Mobile device 120 may include a mobile application 122. The mobile application may provide automatic speech recognition, paraphrase decoding, transducing and/or translation, paraphrase translation, partitioning, an automated assistant, and other functionality discussed herein. Mobile application 122 may be implemented as one or more applications, objects, modules or other software.
Computing device 130 may include a network browser 132. The network browser may receive one or more content pages, script code and other code that when loaded into the network browser provides automatic speech recognition, paraphrase decoding, transducing and/or translation, paraphrase translation, partitioning, an automated assistant, and other functionality discussed herein.
Network server 150 may receive requests and data from application 112, mobile application 122, and network browser 132 via network 140. The request may be initiated by the particular applications or browser applications. Network server 150 may process the request and data, transmit a response, or transmit the request and data or other content to application server 160.
Application server 160 includes application 162. The application server may receive data, including data requests received from applications 112 and 122 and browser 132, process the data, and transmit a response to network server 150. In some implementations, the responses are forwarded by network server 152 to the computer or application that originally sent the request.
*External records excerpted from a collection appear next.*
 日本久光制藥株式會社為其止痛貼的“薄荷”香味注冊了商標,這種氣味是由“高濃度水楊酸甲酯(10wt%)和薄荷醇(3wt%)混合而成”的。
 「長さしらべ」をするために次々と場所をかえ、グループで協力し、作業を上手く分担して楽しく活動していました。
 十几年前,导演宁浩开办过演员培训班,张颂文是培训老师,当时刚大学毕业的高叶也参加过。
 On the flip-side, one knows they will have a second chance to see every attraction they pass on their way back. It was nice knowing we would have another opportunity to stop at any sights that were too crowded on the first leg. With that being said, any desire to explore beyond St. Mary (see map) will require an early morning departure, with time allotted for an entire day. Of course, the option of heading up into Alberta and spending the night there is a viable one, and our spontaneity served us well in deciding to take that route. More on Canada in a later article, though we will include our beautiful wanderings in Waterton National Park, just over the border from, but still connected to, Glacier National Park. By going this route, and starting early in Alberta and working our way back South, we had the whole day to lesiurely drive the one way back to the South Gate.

Application's server 160 may also communicate with data store 170. For example, data can be accessed from data store 170 to be used by an application to provide automatic speech recognition, paraphrase decoding, transducing and/or translation, paraphrase translation, partitioning, an automated assistant, and other functionality discussed herein. Application server 160 includes application 162, which may operate similar to application 112 except implemented all or in part on application server 160.
Block 200 includes network server 150, application server 160, and data store 170, and may be used to implement an automated assistant that utilizes paraphrases. In some instances, block 200 may include a paraphrase module to process an input utterance to make the utterance more easily parsable. In some instances, Block 200 may include a paraphrase module two process a generated output in order to make it more natural to a user. Block 200 is discussed in more detail with respect to
Automatic speech recognition module 210 may receive audio content, such as content received through a microphone from one of client 110, mobile device 120, or computing device 130, and may process the audio content to identify speech. The speech may be provided to decoder 230 as well as parser 220.
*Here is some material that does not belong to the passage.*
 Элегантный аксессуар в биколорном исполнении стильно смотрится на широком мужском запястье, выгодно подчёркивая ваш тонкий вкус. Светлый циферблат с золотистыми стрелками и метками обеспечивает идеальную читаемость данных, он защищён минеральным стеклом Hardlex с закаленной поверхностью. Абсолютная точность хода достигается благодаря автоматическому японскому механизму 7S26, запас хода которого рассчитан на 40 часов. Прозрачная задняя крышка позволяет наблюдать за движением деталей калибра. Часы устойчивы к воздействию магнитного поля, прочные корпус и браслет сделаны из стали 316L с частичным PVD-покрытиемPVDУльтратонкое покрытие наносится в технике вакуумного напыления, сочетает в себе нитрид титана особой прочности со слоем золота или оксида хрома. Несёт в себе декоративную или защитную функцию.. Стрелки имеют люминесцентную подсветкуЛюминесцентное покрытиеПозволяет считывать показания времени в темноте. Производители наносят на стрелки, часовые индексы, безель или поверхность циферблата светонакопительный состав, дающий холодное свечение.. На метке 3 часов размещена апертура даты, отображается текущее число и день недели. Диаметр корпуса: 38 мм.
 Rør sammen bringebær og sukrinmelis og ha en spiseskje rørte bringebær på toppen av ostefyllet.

Parser 220 may interpret a user utterance into intentions. In some instances, parser 220 may produce a set of candidate responses to an utterance received and recognized by ASR 210. Parser 220 may generate one or more plans, for example by creating one or more cards, using a current dialogue state received from state manager 260. In some instances, parser 220 may select and fill a template using an expression from state manager 260 to create a card and pass the card to computation module 240.
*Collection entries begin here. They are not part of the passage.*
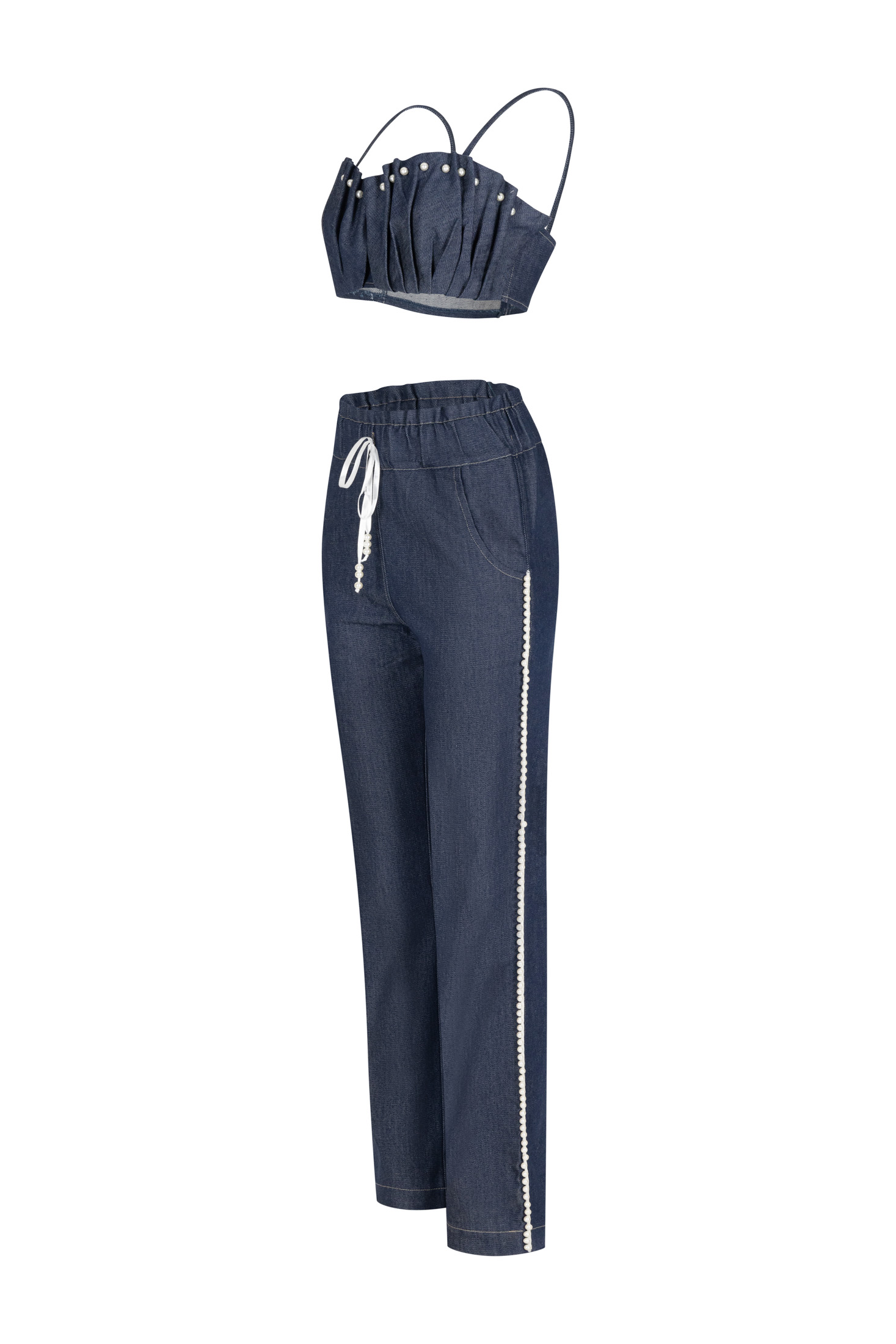 Панталон, изработен от деним, декориран по цялата му дължина с перли, с ластик в талията за по-голямо удобство и връзки , отново украсени с перли.
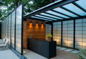 - Преміум-варіант (від ~7000-10000 грн/м² та вище). Для каркасу потрібен складний архітектурний дизайн, можлива комбінація матеріалів (метал, дерево). Товстий монолітний або преміальний сотовий полікарбонат 10 мм, кольорові рішення. Індивідуальний проєкт, додаткові елементи (водостік, підсвітка, москітні сітки).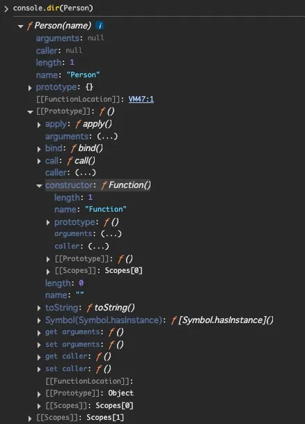 // 出力ƒ Person(name) { this.name = name; this.greet = function () { console.log(`Hi, I'm ${this.name}`); };}Object.getPrototypeOf(Employee)

Decoder 230 may decode received utterances into equivalent language that is easier for parser 220 to parse. For example, decoder 230 may decode an utterance into an equivalent training sentence, trading segments, or other content that may be easily parsed by parser 220. The equivalent language is provided to parser 220 by decoder 230.
Computation module 240 may examine candidate responses, such as plans, that are received from parser 220. The computation module may rank them, alter them, may also add to them. In some instances, computation module 240 may add a “do-nothing” action to the candidate responses. Computation module may decide which plan to execute, such as by machine learning or some other method. Once the computation module determines which plan to execute, computation module 240 may communicate with one or more third-party services 292, 294, or 296, to execute the plan. In some instances, executing the plan may involve sending an email through a third-party service, sending a text message through third-party service, accessing information from a third-party service such as flight information, hotel information, or other data. In some instances, identifying a plan and executing a plan may involve generating a response by generator 250 without accessing content from a third-party service.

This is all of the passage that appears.